Brief: Each line below must be transcribed exactly, and no picture may appear in the transcription.

Start of Input data

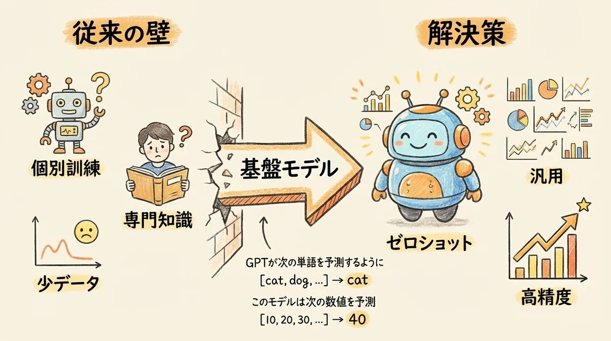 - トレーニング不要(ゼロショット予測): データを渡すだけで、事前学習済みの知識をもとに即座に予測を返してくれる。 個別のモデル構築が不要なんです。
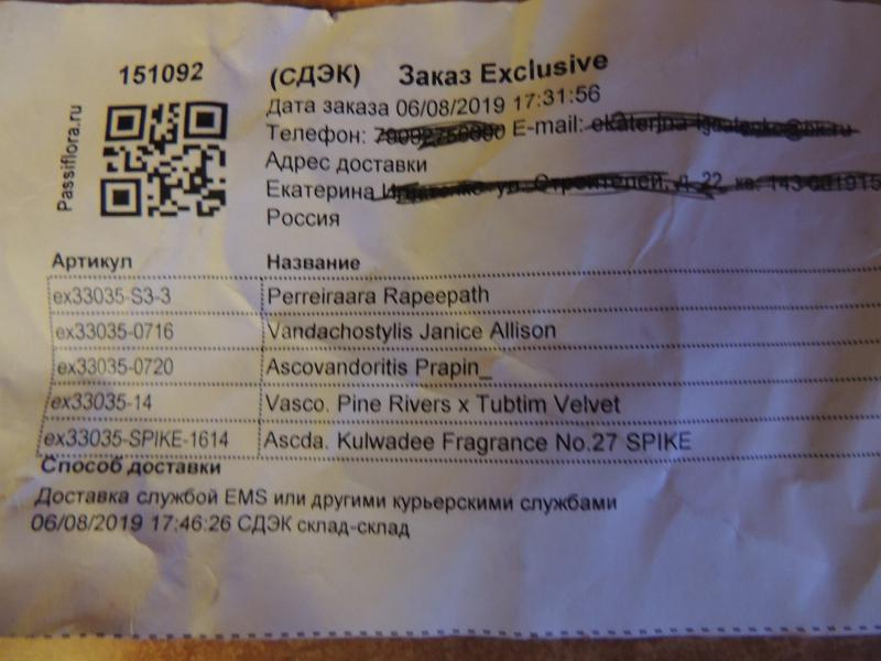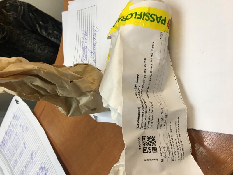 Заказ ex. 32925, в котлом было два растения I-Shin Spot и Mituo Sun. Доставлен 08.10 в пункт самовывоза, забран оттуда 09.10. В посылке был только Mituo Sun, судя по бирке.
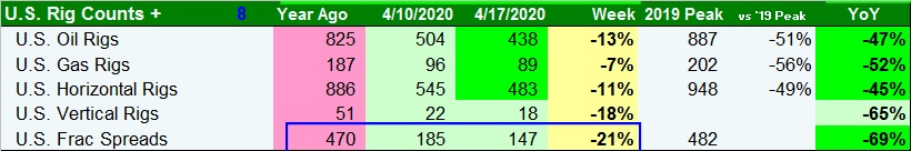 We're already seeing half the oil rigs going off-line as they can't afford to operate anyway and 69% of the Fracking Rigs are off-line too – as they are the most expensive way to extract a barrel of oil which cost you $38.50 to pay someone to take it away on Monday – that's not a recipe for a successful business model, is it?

End of Input data

Your solution:
 - トレーニング不要(ゼロショット予測): データを渡すだけで、事前学習済みの知識をもとに即座に予測を返してくれる。 個別のモデル構築が不要なんです。
 Заказ ex. 32925, в котлом было два растения I-Shin Spot и Mituo Sun. Доставлен 08.10 в пункт самовывоза, забран оттуда 09.10. В посылке был только Mituo Sun, судя по бирке.
 We're already seeing half the oil rigs going off-line as they can't afford to operate anyway and 69% of the Fracking Rigs are off-line too – as they are the most expensive way to extract a barrel of oil which cost you $38.50 to pay someone to take it away on Monday – that's not a recipe for a successful business model, is it?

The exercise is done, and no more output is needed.